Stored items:
== Segment start ==

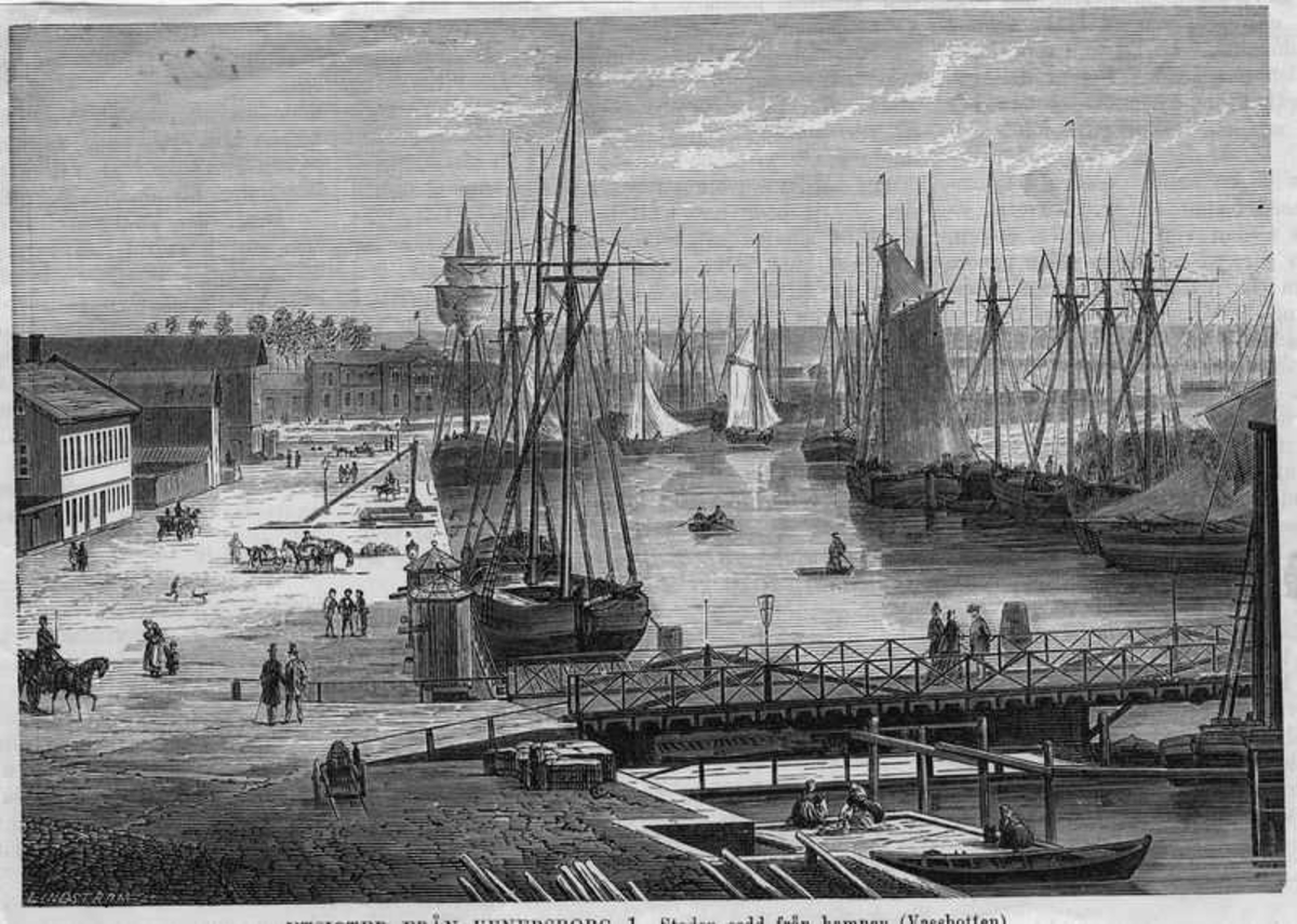 Ur ny illustrerad tidning, staden Vänersborg sedd från hamnen (Vassbotten)
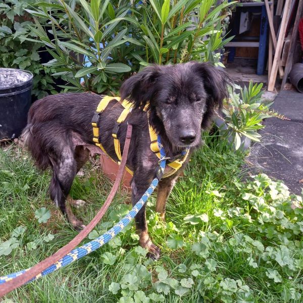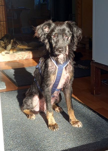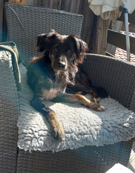 Afife kam in einem schlimmen körperlichen Zustand, von Milben schwer befallen, wenig Fell und klapperdürr bei uns an. Psychisch völlig fertig und die ersten Tage kaum anfassbar. Als sie aber realisiert hat, dass sie nicht mehr das Schlimmste befürchten muss, wurde sie immer zugänglicher. Mittlerweile ist sie von ihr gut vertrauten Menschen anfassbar und anhänglich. Mit den anderen Hunden ist sie sehr verträglich. Die Seniorenjungs mag sie besonders gern und sucht viel deren Nähe. Kleine Gassirunden mag sie inzwischen auch. Sie liebt es in der Sonne zu liegen und zu dösen.
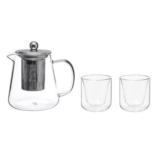 Informations Techniques : Dimensions : Théière : L. 14,5 x l. 10 x H. 13,2 cm Tasses : D. 8 x H. 9 cm Matières : Verre & Acier Inoxydable Spécificités : Pratique & Moderne 1 Théière 2 Tasses Facile d'Entretien & d'Utilisation Poids : 0,338 kg Théière : 0,221 kg Tasse : 0,117 kg Couleur : Transparen
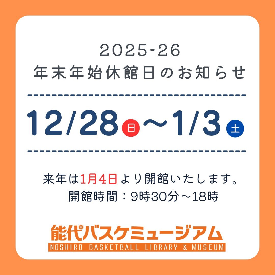 【2025-26年末年始のお知らせ📢】 12/28日から1/3日まで休館となりますので、ご了承ください🙇‍♀️ 1/4日から通常どおり(9時30分〜18時)開館いたします。 皆さまのご来館お待ちしています☺️ #能代科技 #能代工高 #バスケの街能代 pic.x.com/c2vH7UfFIM
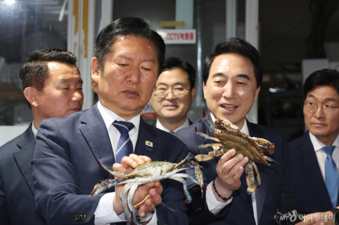 시민들은 "어머, 어떻게 하면 좋으냐" "이번에는 꼭 잘되길 바란다" "민주당 화이팅" 등을 외쳤다. 두 사람은 건어물 상점 외에도 카페, 수산물 골목 등을 찾아 상인들과 1시간가량 이야기를 나눴다. 직접 현금을 꺼내 김과 건어물 등을 구매하고 시민들과 기념사진도 촬영했다. 정 대표는 자신의 고향이 충남 금산이라는 점을 강조하며 "같은 충청도 사람"이라고 말했다.
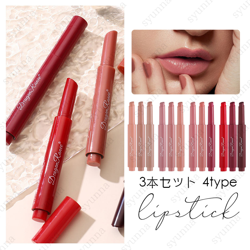 ■cs709#リップスティック 当日発送 3本セット 4type 口紅 lipstick 落ちにくい 韓国コスメ レッド ティント 化粧品 プチプラ 保湿 リップ
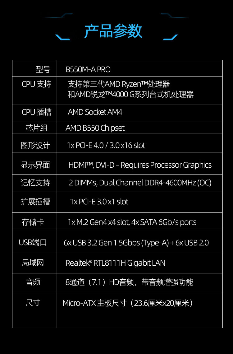 • 商品名称:微星(MSI)B550M-A PRO 主板
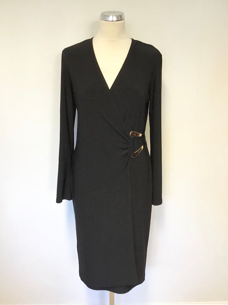 JOSEPH RIBKOFF BLACK LONG SLEEVE WRAP DRESS SIZE 12

== Segment end ==

Return every record exactly. Pictures stay out.

 Ur ny illustrerad tidning, staden Vänersborg sedd från hamnen (Vassbotten)
 Afife kam in einem schlimmen körperlichen Zustand, von Milben schwer befallen, wenig Fell und klapperdürr bei uns an. Psychisch völlig fertig und die ersten Tage kaum anfassbar. Als sie aber realisiert hat, dass sie nicht mehr das Schlimmste befürchten muss, wurde sie immer zugänglicher. Mittlerweile ist sie von ihr gut vertrauten Menschen anfassbar und anhänglich. Mit den anderen Hunden ist sie sehr verträglich. Die Seniorenjungs mag sie besonders gern und sucht viel deren Nähe. Kleine Gassirunden mag sie inzwischen auch. Sie liebt es in der Sonne zu liegen und zu dösen.
 Informations Techniques : Dimensions : Théière : L. 14,5 x l. 10 x H. 13,2 cm Tasses : D. 8 x H. 9 cm Matières : Verre & Acier Inoxydable Spécificités : Pratique & Moderne 1 Théière 2 Tasses Facile d'Entretien & d'Utilisation Poids : 0,338 kg Théière : 0,221 kg Tasse : 0,117 kg Couleur : Transparen
 【2025-26年末年始のお知らせ📢】 12/28日から1/3日まで休館となりますので、ご了承ください🙇‍♀️ 1/4日から通常どおり(9時30分〜18時)開館いたします。 皆さまのご来館お待ちしています☺️ #能代科技 #能代工高 #バスケの街能代 pic.x.com/c2vH7UfFIM
 시민들은 "어머, 어떻게 하면 좋으냐" "이번에는 꼭 잘되길 바란다" "민주당 화이팅" 등을 외쳤다. 두 사람은 건어물 상점 외에도 카페, 수산물 골목 등을 찾아 상인들과 1시간가량 이야기를 나눴다. 직접 현금을 꺼내 김과 건어물 등을 구매하고 시민들과 기념사진도 촬영했다. 정 대표는 자신의 고향이 충남 금산이라는 점을 강조하며 "같은 충청도 사람"이라고 말했다.
 ■cs709#リップスティック 当日発送 3本セット 4type 口紅 lipstick 落ちにくい 韓国コスメ レッド ティント 化粧品 プチプラ 保湿 リップ
 • 商品名称:微星(MSI)B550M-A PRO 主板
 JOSEPH RIBKOFF BLACK LONG SLEEVE WRAP DRESS SIZE 12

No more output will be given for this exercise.